Task objective » Below are entries with pictures among them; reproduce exactly, and only, the lines from the one containing "眾所周知,CF和PTFE纖維" down to the one containing "- 4.Your video", without the pictures.
======
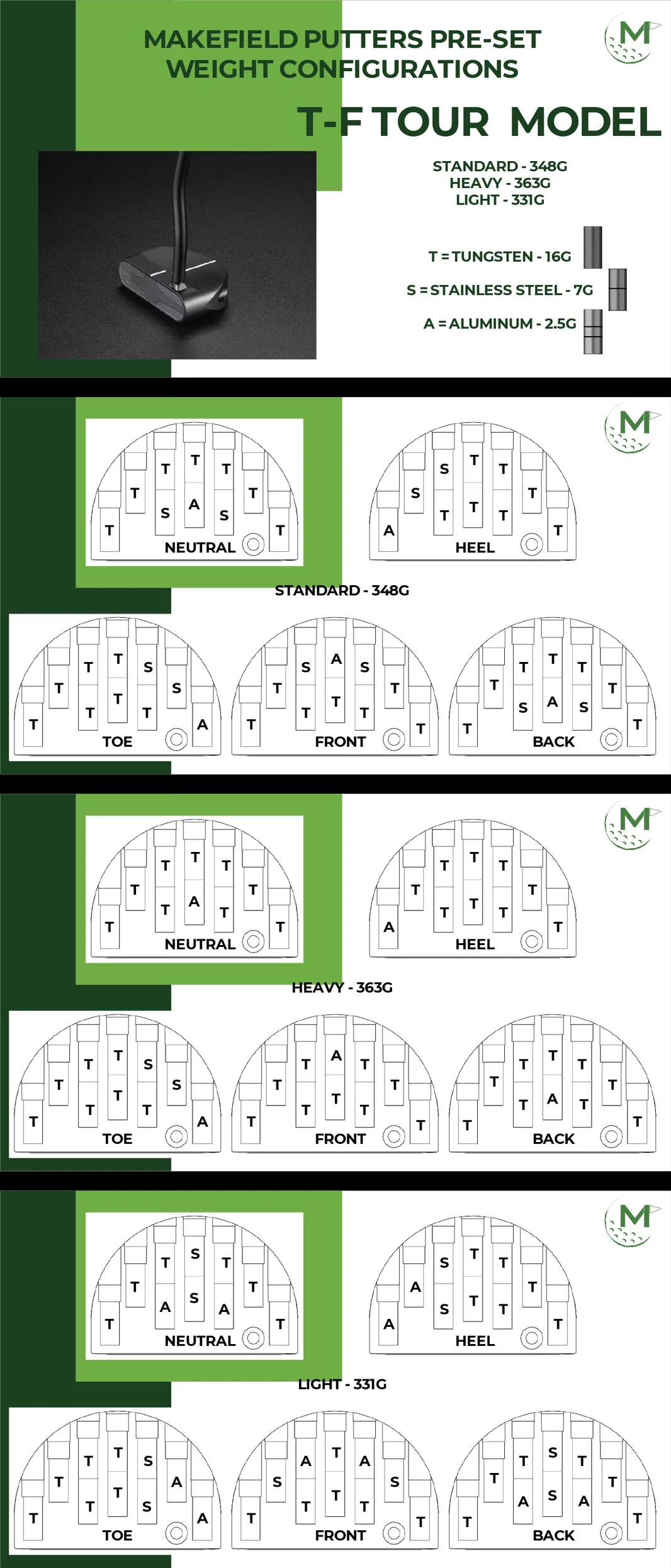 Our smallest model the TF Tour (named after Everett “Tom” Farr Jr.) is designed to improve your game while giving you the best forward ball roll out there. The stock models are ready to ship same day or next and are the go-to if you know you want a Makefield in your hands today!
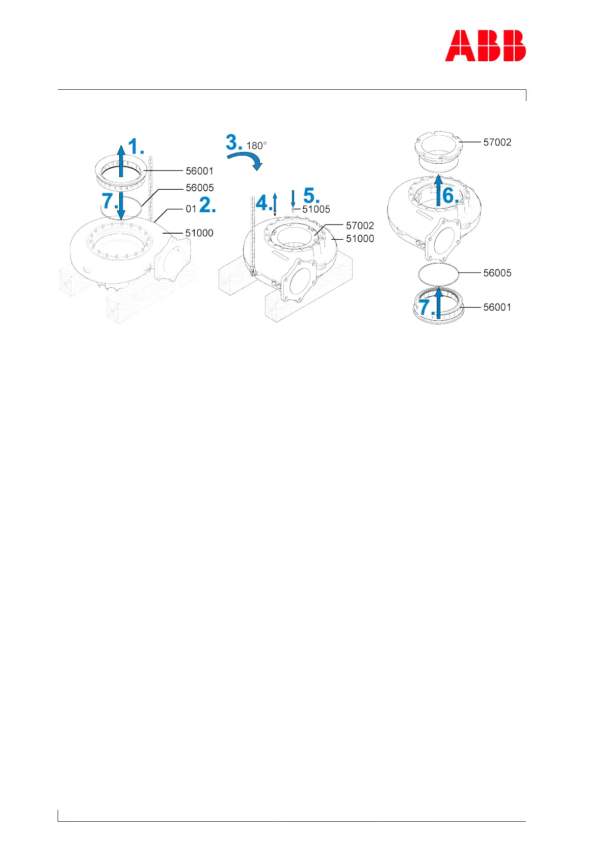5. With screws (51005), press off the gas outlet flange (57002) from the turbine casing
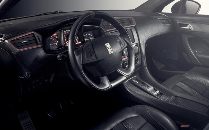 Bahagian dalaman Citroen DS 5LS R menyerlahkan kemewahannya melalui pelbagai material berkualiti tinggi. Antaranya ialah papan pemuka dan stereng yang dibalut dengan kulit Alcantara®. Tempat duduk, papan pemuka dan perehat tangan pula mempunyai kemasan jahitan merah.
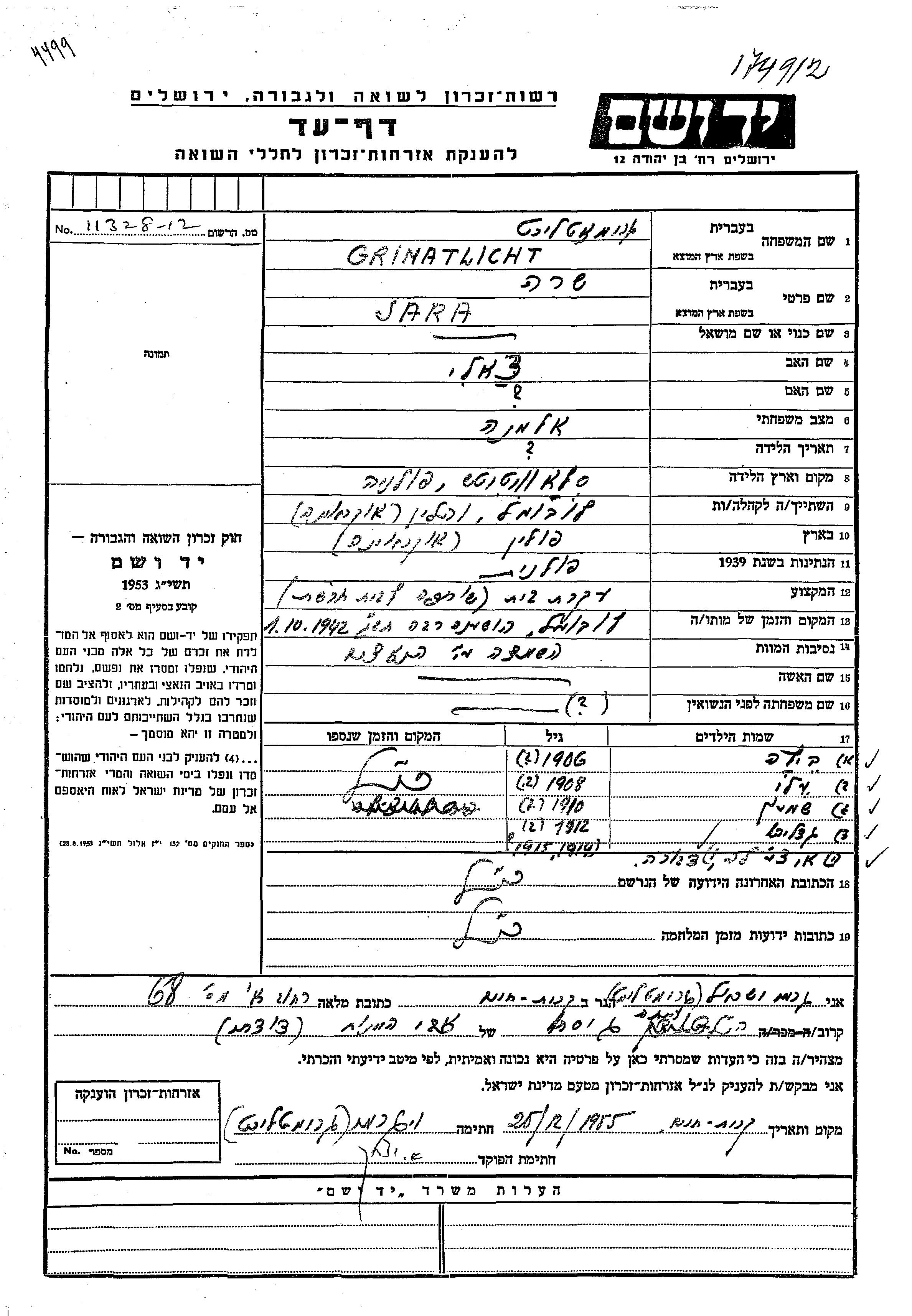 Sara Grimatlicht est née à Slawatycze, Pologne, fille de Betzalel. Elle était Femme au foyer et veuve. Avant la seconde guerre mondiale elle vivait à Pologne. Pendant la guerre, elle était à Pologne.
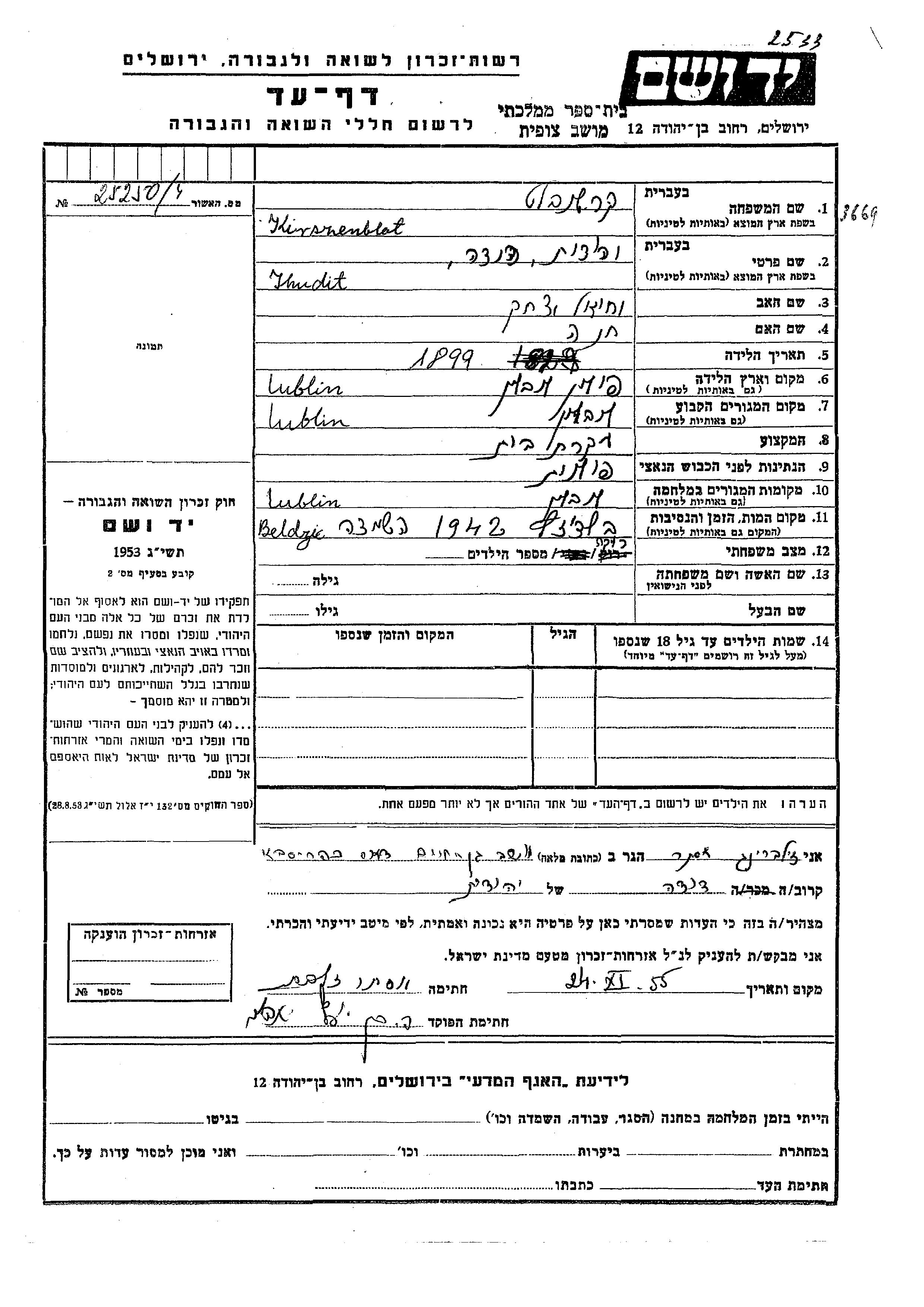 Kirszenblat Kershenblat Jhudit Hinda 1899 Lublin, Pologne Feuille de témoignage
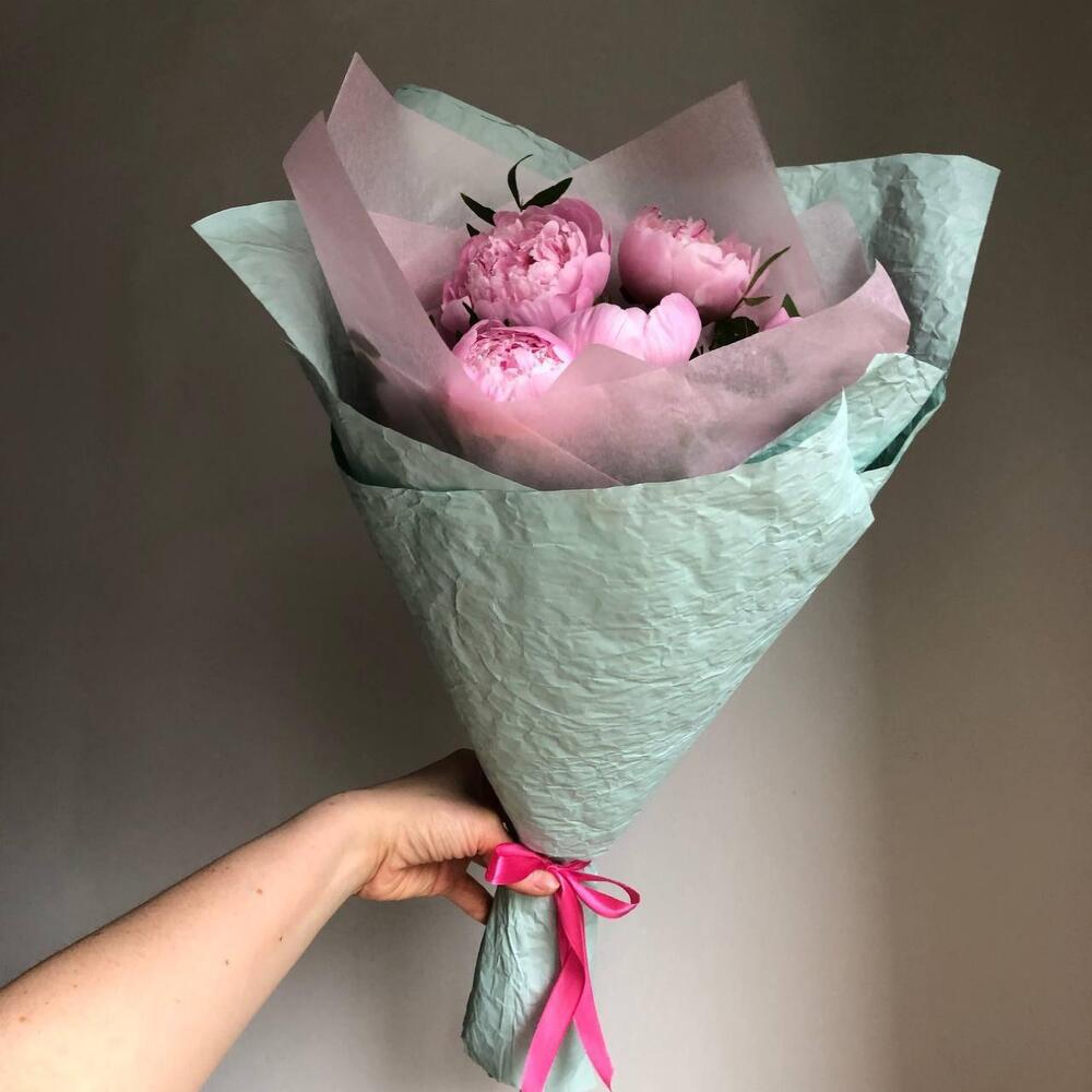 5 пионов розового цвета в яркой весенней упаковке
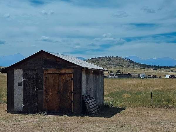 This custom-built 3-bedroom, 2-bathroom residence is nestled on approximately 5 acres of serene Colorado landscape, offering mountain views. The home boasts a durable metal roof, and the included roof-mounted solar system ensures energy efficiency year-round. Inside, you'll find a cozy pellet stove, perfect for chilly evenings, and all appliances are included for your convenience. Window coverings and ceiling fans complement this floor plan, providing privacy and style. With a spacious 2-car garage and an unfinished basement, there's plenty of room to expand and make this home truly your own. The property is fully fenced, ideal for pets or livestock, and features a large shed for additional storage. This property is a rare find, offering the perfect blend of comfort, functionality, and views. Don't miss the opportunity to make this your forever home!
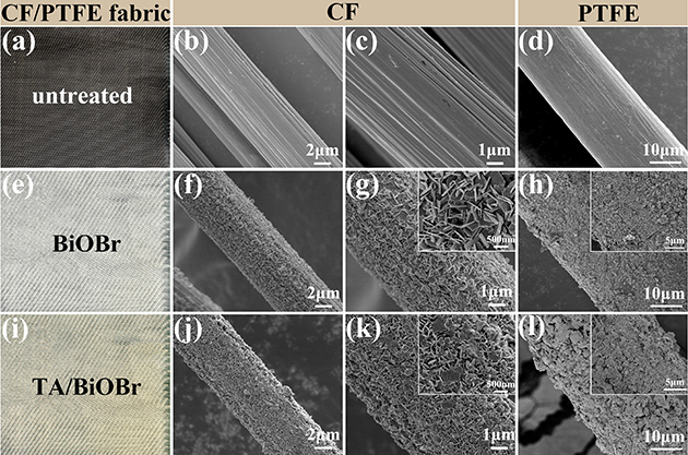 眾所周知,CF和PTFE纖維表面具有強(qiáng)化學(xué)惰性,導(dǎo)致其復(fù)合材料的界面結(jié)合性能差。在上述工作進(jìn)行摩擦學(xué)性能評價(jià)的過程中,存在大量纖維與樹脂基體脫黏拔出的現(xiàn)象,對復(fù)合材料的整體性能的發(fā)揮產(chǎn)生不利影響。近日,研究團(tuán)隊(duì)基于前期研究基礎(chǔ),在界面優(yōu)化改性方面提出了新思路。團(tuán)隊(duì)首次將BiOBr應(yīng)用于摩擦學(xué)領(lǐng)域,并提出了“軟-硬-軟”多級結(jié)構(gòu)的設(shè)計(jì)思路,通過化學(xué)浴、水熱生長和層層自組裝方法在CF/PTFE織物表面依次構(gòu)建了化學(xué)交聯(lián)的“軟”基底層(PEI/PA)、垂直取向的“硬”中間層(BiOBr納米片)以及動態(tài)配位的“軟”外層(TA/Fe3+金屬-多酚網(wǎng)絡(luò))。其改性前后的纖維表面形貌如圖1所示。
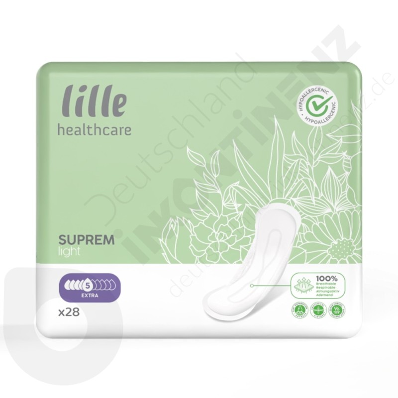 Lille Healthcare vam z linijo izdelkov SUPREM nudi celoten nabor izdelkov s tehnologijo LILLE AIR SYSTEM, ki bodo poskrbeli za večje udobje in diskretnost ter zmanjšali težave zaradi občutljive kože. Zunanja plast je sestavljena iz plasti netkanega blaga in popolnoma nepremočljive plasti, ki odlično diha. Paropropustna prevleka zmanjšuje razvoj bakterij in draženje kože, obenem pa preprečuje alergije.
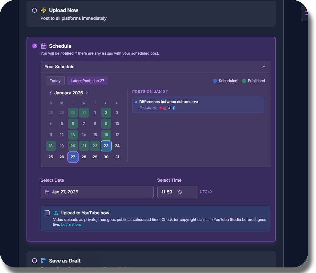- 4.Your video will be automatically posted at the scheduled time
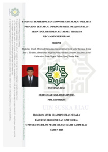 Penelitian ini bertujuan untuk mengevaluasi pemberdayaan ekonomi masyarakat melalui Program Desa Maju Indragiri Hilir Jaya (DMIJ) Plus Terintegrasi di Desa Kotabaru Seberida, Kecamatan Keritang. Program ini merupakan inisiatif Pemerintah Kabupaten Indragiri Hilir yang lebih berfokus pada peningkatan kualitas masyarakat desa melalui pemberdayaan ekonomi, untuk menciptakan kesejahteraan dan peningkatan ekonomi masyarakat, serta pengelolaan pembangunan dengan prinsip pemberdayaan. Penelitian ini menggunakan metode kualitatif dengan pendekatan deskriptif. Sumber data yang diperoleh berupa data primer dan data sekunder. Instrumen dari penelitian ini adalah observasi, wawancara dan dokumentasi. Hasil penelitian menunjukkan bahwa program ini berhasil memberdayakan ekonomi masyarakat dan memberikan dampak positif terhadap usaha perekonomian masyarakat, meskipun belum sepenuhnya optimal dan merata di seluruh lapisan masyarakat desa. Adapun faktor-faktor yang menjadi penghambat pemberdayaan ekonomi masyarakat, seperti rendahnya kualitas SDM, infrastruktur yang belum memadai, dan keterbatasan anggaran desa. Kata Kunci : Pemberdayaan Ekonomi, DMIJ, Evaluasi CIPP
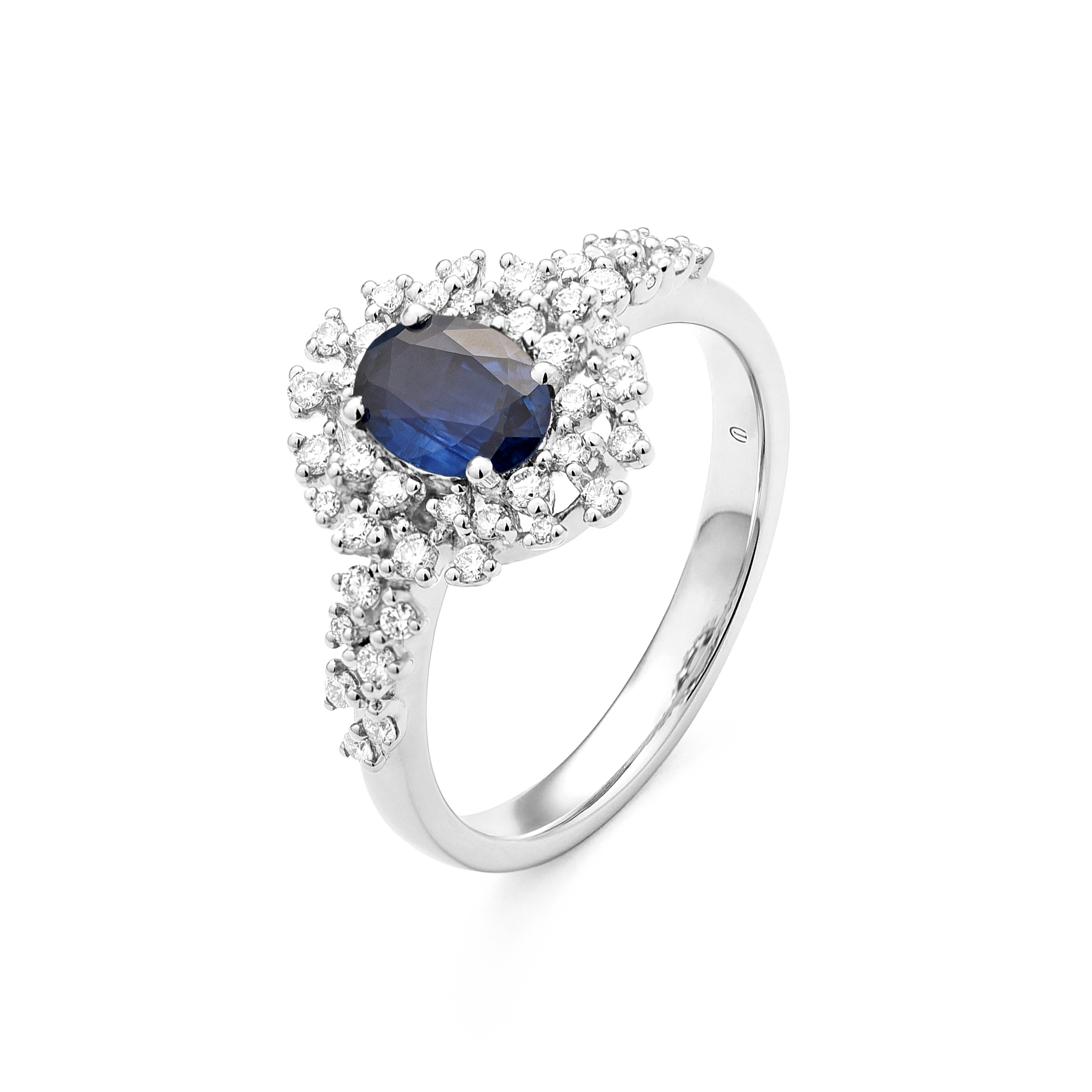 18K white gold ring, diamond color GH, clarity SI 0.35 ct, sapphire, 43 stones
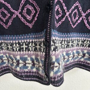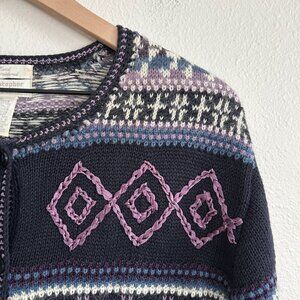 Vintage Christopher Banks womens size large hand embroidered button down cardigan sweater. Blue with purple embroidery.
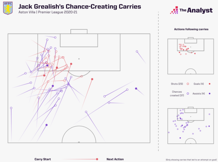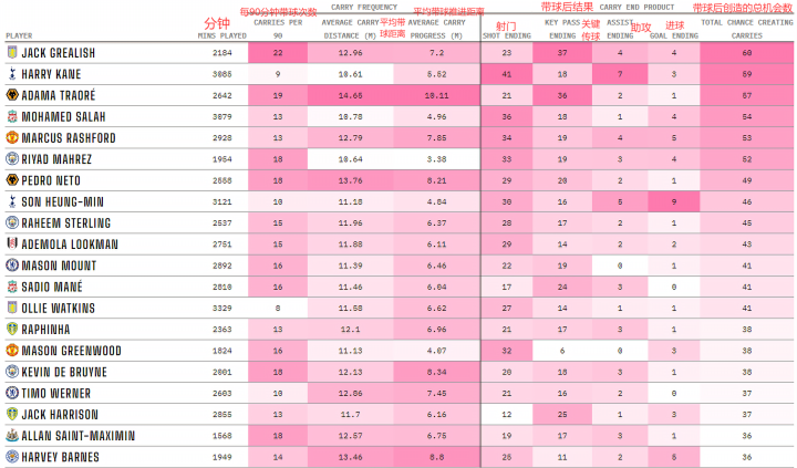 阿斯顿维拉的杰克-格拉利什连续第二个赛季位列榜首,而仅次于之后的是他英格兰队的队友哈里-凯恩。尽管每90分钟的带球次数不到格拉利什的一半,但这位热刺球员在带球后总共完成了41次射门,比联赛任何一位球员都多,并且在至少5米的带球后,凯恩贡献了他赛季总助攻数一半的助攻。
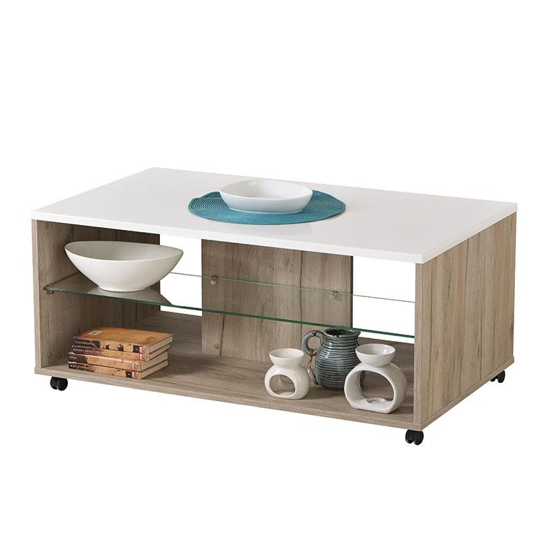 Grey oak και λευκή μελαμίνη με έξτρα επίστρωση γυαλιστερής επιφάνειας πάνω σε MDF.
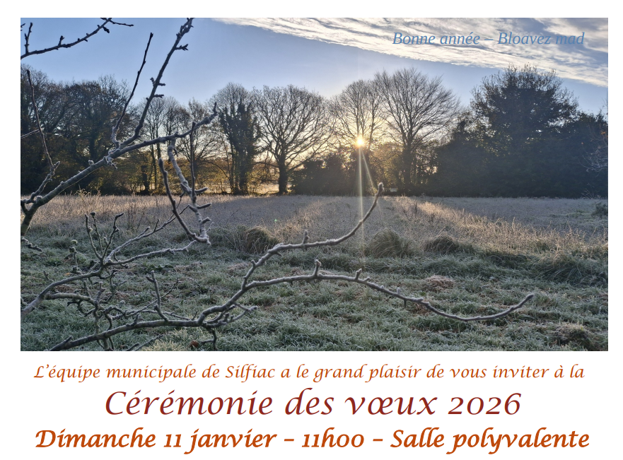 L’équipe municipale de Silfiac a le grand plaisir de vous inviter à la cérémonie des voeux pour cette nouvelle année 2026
======
Problem solution »
 眾所周知,CF和PTFE纖維表面具有強(qiáng)化學(xué)惰性,導(dǎo)致其復(fù)合材料的界面結(jié)合性能差。在上述工作進(jìn)行摩擦學(xué)性能評價(jià)的過程中,存在大量纖維與樹脂基體脫黏拔出的現(xiàn)象,對復(fù)合材料的整體性能的發(fā)揮產(chǎn)生不利影響。近日,研究團(tuán)隊(duì)基于前期研究基礎(chǔ),在界面優(yōu)化改性方面提出了新思路。團(tuán)隊(duì)首次將BiOBr應(yīng)用于摩擦學(xué)領(lǐng)域,并提出了“軟-硬-軟”多級結(jié)構(gòu)的設(shè)計(jì)思路,通過化學(xué)浴、水熱生長和層層自組裝方法在CF/PTFE織物表面依次構(gòu)建了化學(xué)交聯(lián)的“軟”基底層(PEI/PA)、垂直取向的“硬”中間層(BiOBr納米片)以及動態(tài)配位的“軟”外層(TA/Fe3+金屬-多酚網(wǎng)絡(luò))。其改性前后的纖維表面形貌如圖1所示。
 Lille Healthcare vam z linijo izdelkov SUPREM nudi celoten nabor izdelkov s tehnologijo LILLE AIR SYSTEM, ki bodo poskrbeli za večje udobje in diskretnost ter zmanjšali težave zaradi občutljive kože. Zunanja plast je sestavljena iz plasti netkanega blaga in popolnoma nepremočljive plasti, ki odlično diha. Paropropustna prevleka zmanjšuje razvoj bakterij in draženje kože, obenem pa preprečuje alergije.
- 4.Your video will be automatically posted at the scheduled time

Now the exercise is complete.